Wake Up, Wake Up

One week from now, it will be two years since I have last posted an article. Honestly, I do not know where to start but updating this blog was inspirited by a group of young people who were introduced to my blog by their teacher, who also happens to be a good friend of mine. Last year, I was informed by Leilane that her Grade 11 class in Esperanza National High School in Agusan del Sur, Philippines was using one of my articles as an example for their 21st Century Literature Class. When I first heard it, I was flattered. “Oh wow! Really?” I thought. Then it was followed by willies because it dawned on me that they might stumble into some articles which I would not recommend they read (or if they would, at least with adult guidance). I thought of discouraging my friend by telling her that my blog is not updated and there might be other blogs out  there that are much more fitting for young readers, but my friend was deadly set on her lesson. After that I just crossed my fingers and  hoped that her students will take the valuable lessons home and not replicate the horrid ones.

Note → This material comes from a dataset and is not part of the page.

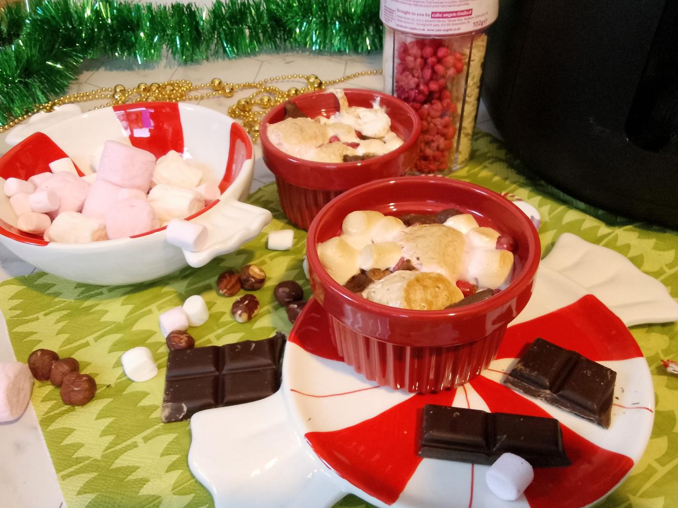 Do każdej foremki nakladamy garść pianek oraz kilka kostek gorzkiej czekolady. Pozna dodac kolorowa posypkę cukrową.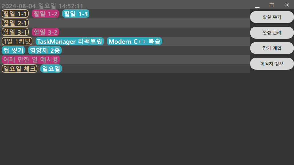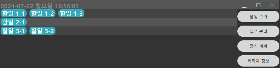 어쩌면 오늘 조금 휴식한 후, 어쩌면 내일 리팩토링은 끝날듯하고 리팩토링으로 인해 쉽게 사용 가능하던 프로그램이 json이라는 구조를 사용하면서 더 복잡해진만큼 일정관리를 gui로 할 수 있게 하는 기능구현이 최우선일듯하다.

My concern obviously made me realize the importance of curbing the recurrent crassness of ones thoughts and acknowledging the repercussions of the words I have put out there. I have fairly recently learned to be more mindful of my brutal honesty. Being more mindful means that the process is still ongoing. It is not an easy feat (this I tell you). What I have slowly comprehended though is biting my tongue or removing myself in situations that would have provoked me to tread on hostile grounds with friends and acquaintances. My motto (if it can be helped): No more drama.

What do I write to a group of 16 to 19 year olds who are itching to pounce at life? Do I reflect on that old article I wrote six years ago about no one is too old to change the world? Nah. It might be helpful but not entirely tailored for this young group. Should I ask them what is their nagging ‘whys’ and maybe even follow it up with a cliché notion of “dig deep within yourselves” which I myself have a difficult time of converting into tangible action. No, I do not think so. When I was at that age, I have absolutely no idea which road to take.  I was clueless what my reasons were and if there was even a chink during that time where my reasons were revealed to me, I paid no attention to it and simply went with the pubescent flow. I had daydreams and imaginations but they were in haywire. Like many young people, I was hungry (sometimes to the point, even greedy). I wanted them all in one time and I was just all over the place. The ending – I achieved a miniscule something, nothing, or worst, something half-baked.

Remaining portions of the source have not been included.